═════ TASK INPUTS ═════

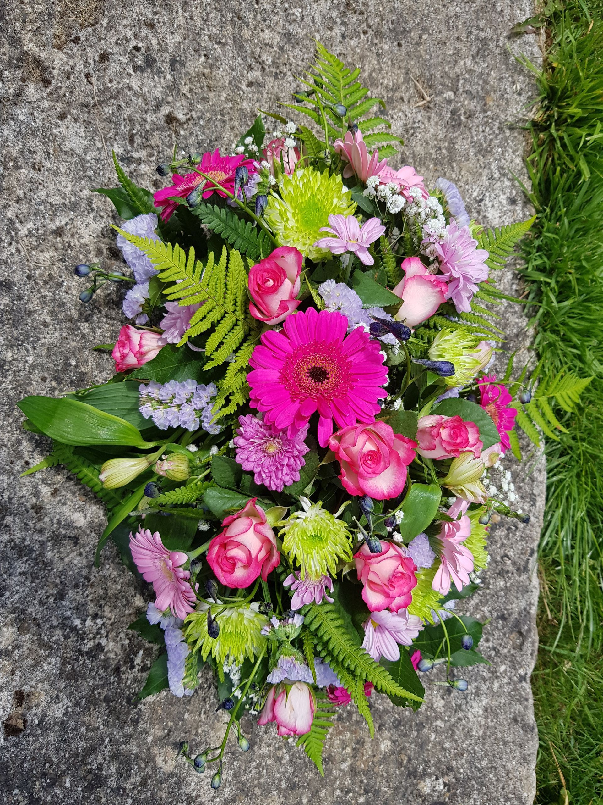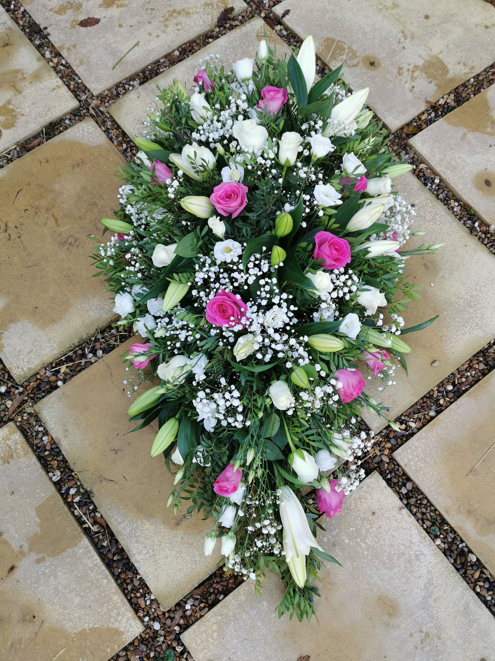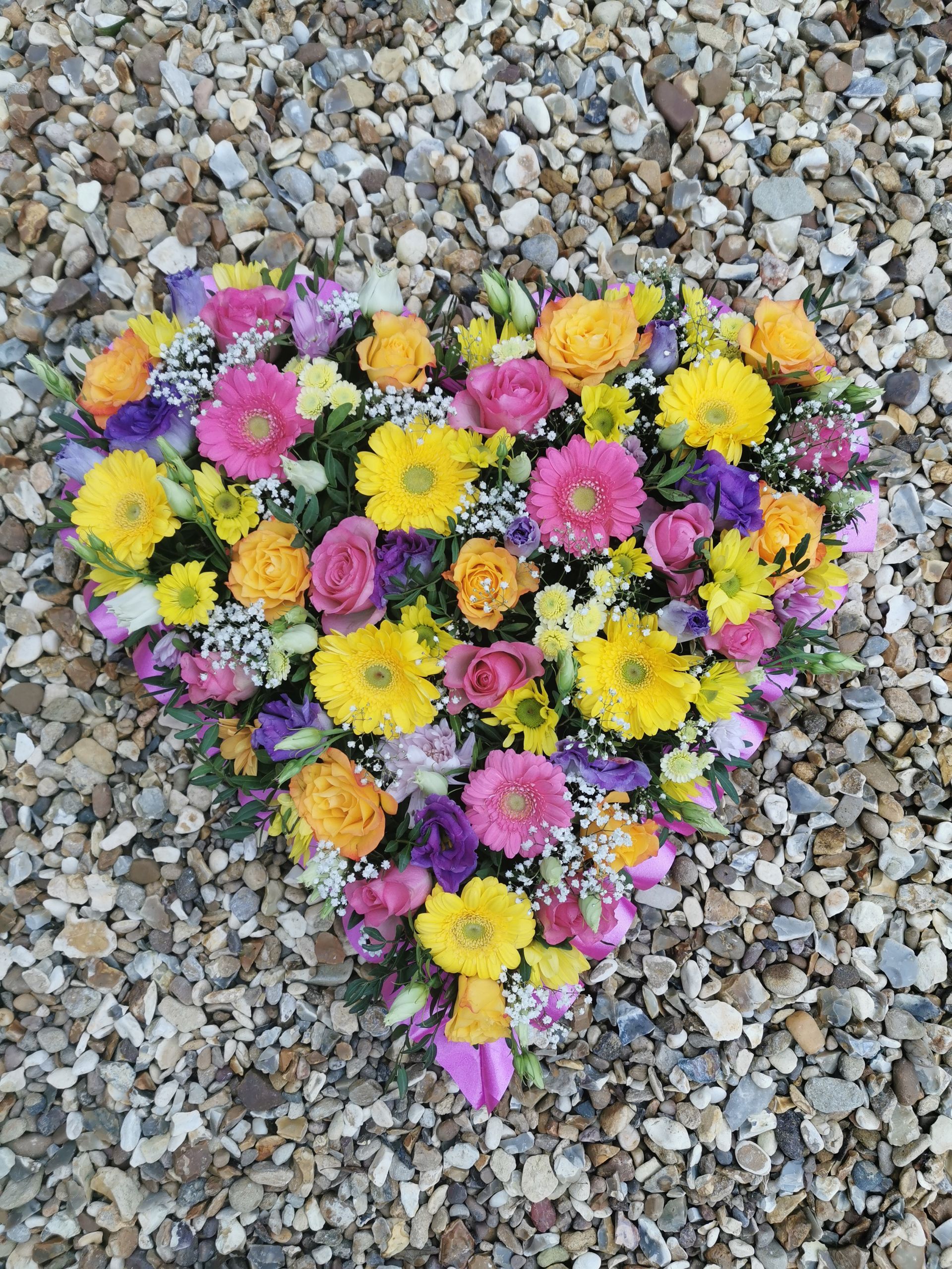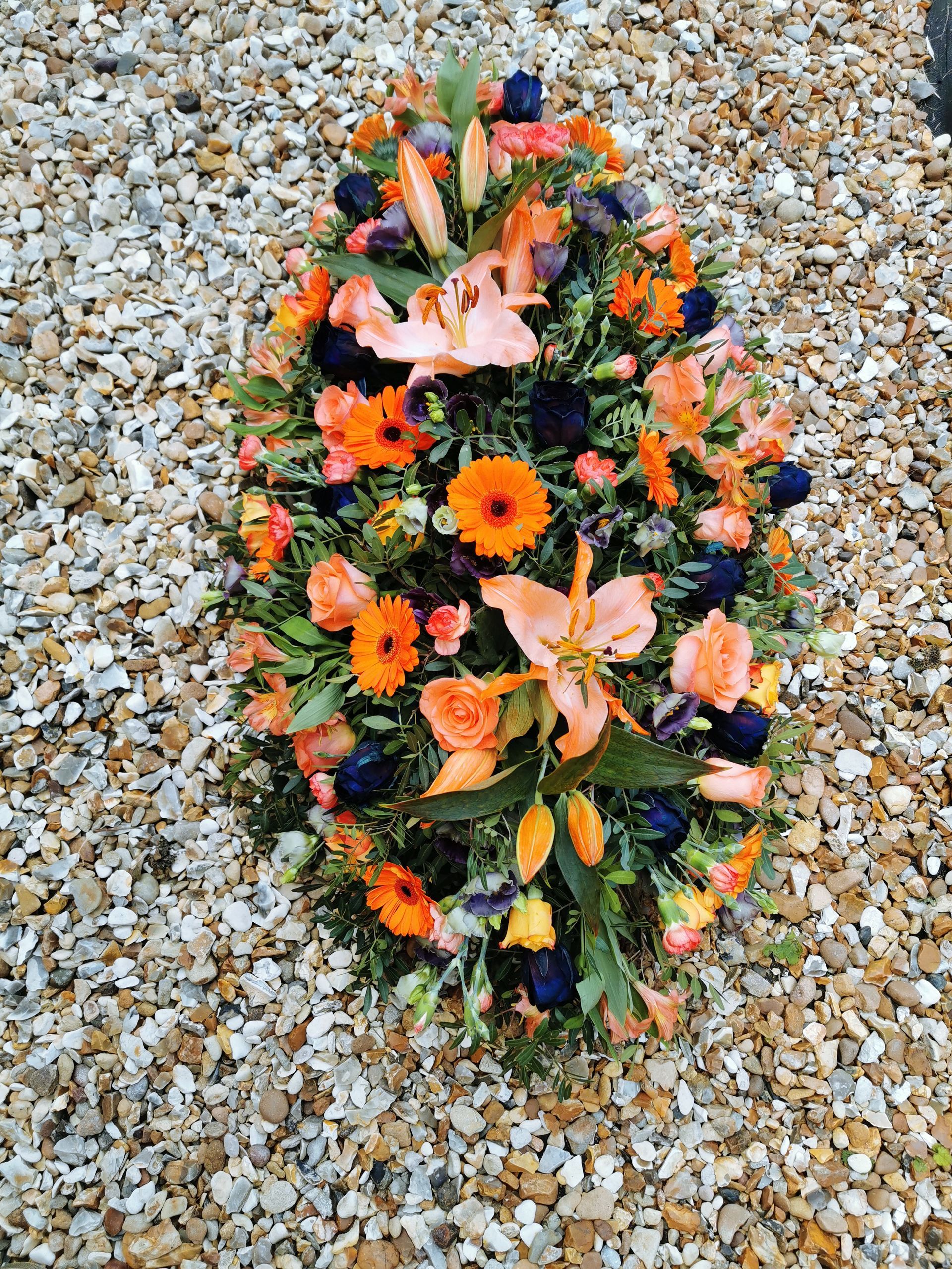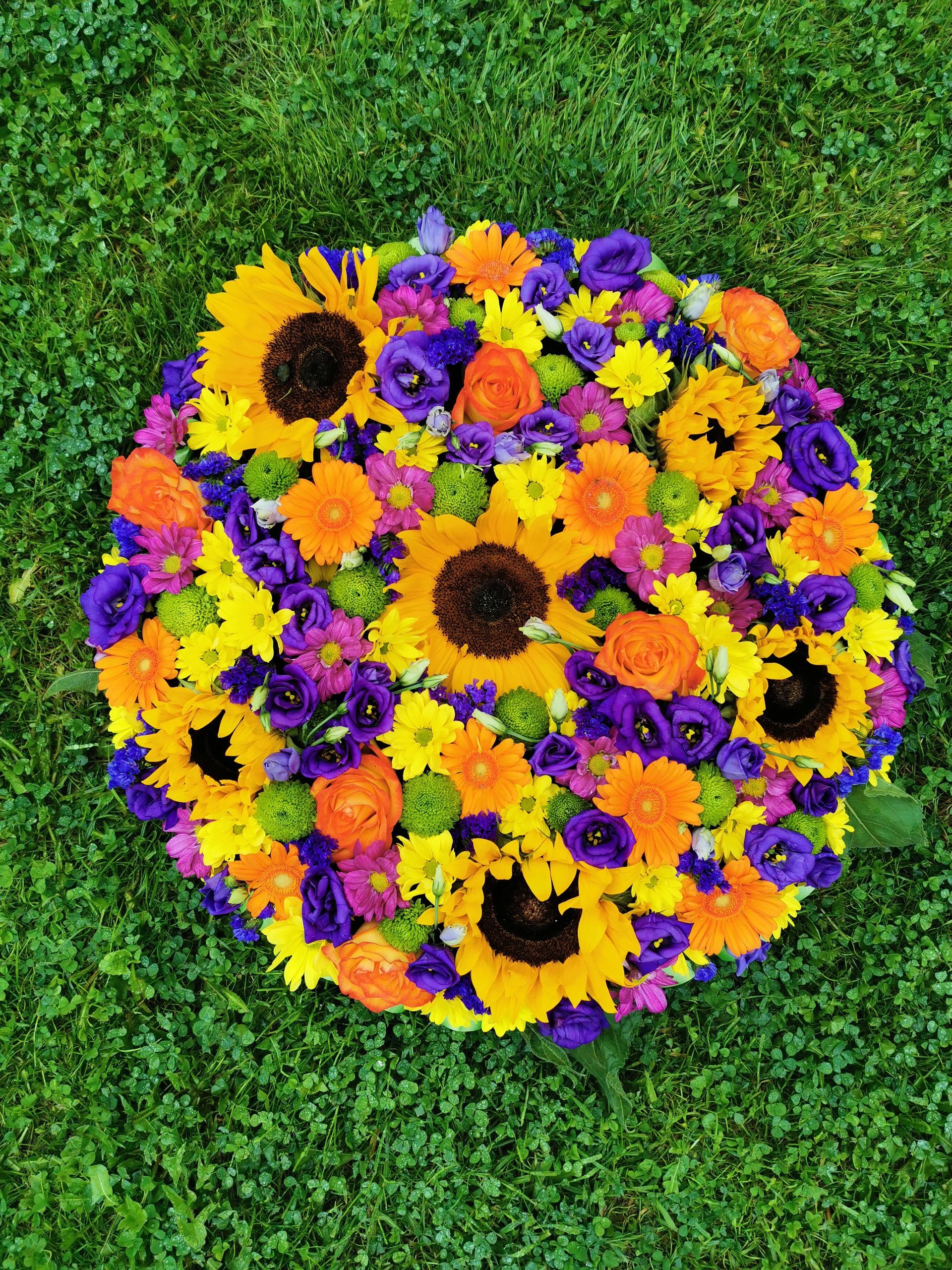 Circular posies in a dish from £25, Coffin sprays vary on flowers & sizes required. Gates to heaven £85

═════
═════ TASK INPUTS ═════

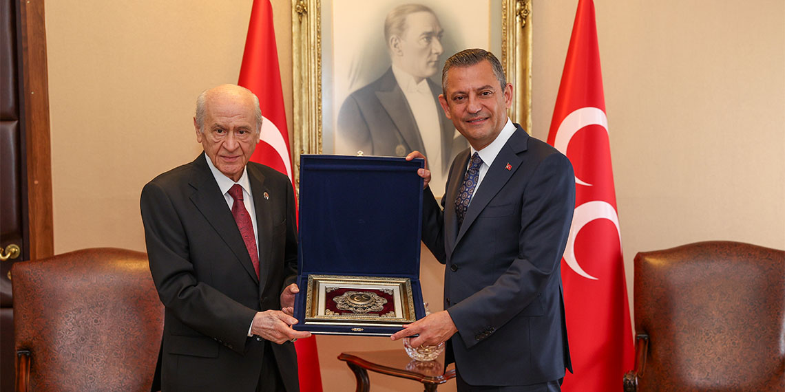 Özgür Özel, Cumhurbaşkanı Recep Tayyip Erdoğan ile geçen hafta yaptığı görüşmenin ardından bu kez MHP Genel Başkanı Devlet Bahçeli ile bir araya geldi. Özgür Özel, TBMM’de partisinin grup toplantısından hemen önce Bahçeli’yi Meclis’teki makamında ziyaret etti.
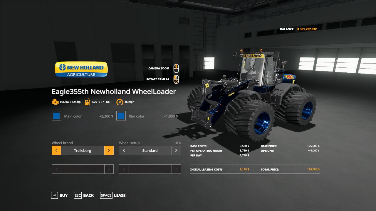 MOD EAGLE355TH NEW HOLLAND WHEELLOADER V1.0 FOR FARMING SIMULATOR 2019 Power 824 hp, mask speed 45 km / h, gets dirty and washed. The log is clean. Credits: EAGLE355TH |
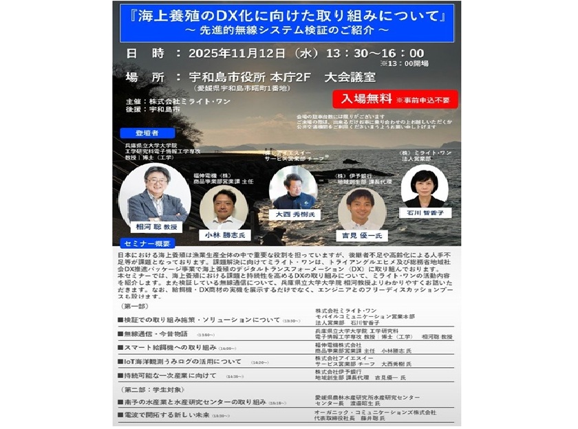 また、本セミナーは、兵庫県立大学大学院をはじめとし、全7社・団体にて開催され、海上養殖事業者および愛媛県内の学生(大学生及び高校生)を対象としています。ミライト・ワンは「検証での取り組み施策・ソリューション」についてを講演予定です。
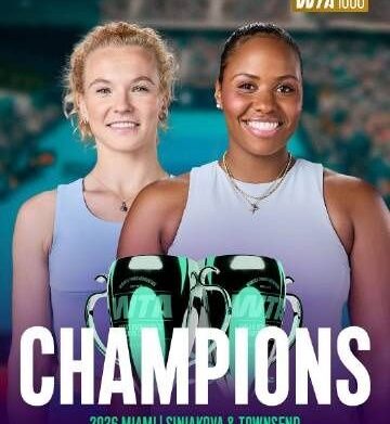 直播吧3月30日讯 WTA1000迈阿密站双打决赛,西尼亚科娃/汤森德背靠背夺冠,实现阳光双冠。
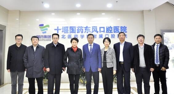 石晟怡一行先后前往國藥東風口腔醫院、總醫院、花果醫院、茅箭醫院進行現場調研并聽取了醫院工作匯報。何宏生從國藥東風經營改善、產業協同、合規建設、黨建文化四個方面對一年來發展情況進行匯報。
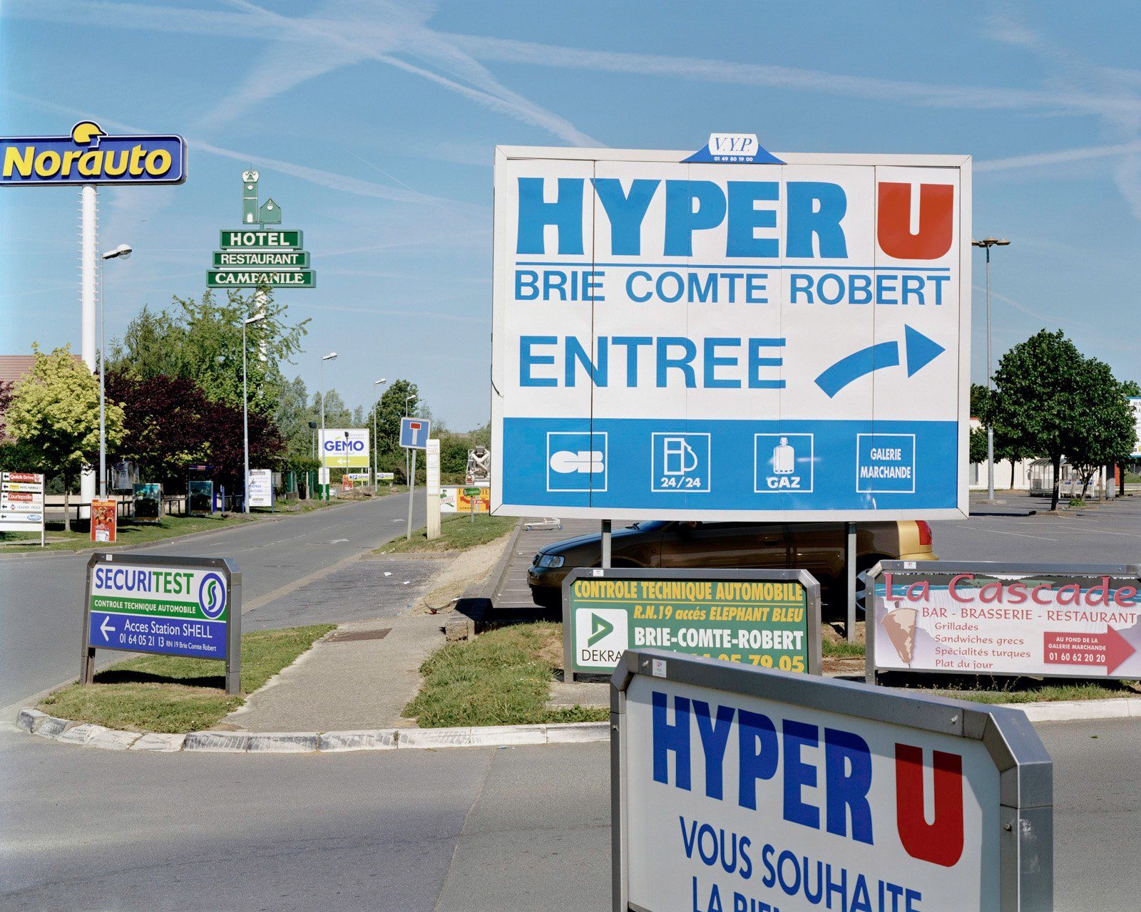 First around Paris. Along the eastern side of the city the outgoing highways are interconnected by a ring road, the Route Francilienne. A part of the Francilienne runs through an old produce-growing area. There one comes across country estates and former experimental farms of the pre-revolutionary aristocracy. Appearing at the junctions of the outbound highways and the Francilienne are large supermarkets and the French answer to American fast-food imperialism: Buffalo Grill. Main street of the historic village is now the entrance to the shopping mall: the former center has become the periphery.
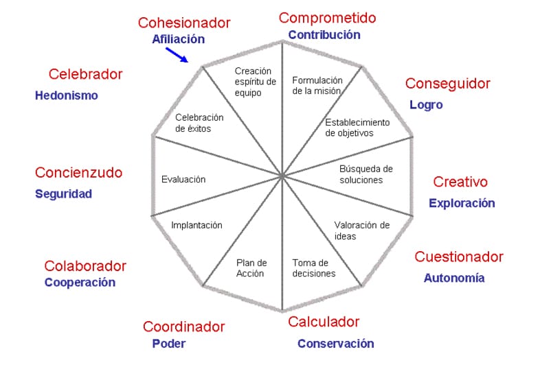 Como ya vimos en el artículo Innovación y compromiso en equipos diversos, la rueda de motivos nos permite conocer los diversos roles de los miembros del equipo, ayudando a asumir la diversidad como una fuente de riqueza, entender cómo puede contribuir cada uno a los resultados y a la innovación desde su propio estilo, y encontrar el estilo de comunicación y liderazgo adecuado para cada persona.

═════

» WORK ITEM
From the records above, copy exactly the lines starting at the one with "Özgür Özel, Cumhurbaşkanı" and ending at the one with "Como ya vimos", and no others. Pictures stay out.

» SOLUTION FOR THIS TASK
 Özgür Özel, Cumhurbaşkanı Recep Tayyip Erdoğan ile geçen hafta yaptığı görüşmenin ardından bu kez MHP Genel Başkanı Devlet Bahçeli ile bir araya geldi. Özgür Özel, TBMM’de partisinin grup toplantısından hemen önce Bahçeli’yi Meclis’teki makamında ziyaret etti.
 MOD EAGLE355TH NEW HOLLAND WHEELLOADER V1.0 FOR FARMING SIMULATOR 2019 Power 824 hp, mask speed 45 km / h, gets dirty and washed. The log is clean. Credits: EAGLE355TH |
 また、本セミナーは、兵庫県立大学大学院をはじめとし、全7社・団体にて開催され、海上養殖事業者および愛媛県内の学生(大学生及び高校生)を対象としています。ミライト・ワンは「検証での取り組み施策・ソリューション」についてを講演予定です。
 直播吧3月30日讯 WTA1000迈阿密站双打决赛,西尼亚科娃/汤森德背靠背夺冠,实现阳光双冠。
 石晟怡一行先后前往國藥東風口腔醫院、總醫院、花果醫院、茅箭醫院進行現場調研并聽取了醫院工作匯報。何宏生從國藥東風經營改善、產業協同、合規建設、黨建文化四個方面對一年來發展情況進行匯報。
 First around Paris. Along the eastern side of the city the outgoing highways are interconnected by a ring road, the Route Francilienne. A part of the Francilienne runs through an old produce-growing area. There one comes across country estates and former experimental farms of the pre-revolutionary aristocracy. Appearing at the junctions of the outbound highways and the Francilienne are large supermarkets and the French answer to American fast-food imperialism: Buffalo Grill. Main street of the historic village is now the entrance to the shopping mall: the former center has become the periphery.
 Como ya vimos en el artículo Innovación y compromiso en equipos diversos, la rueda de motivos nos permite conocer los diversos roles de los miembros del equipo, ayudando a asumir la diversidad como una fuente de riqueza, entender cómo puede contribuir cada uno a los resultados y a la innovación desde su propio estilo, y encontrar el estilo de comunicación y liderazgo adecuado para cada persona.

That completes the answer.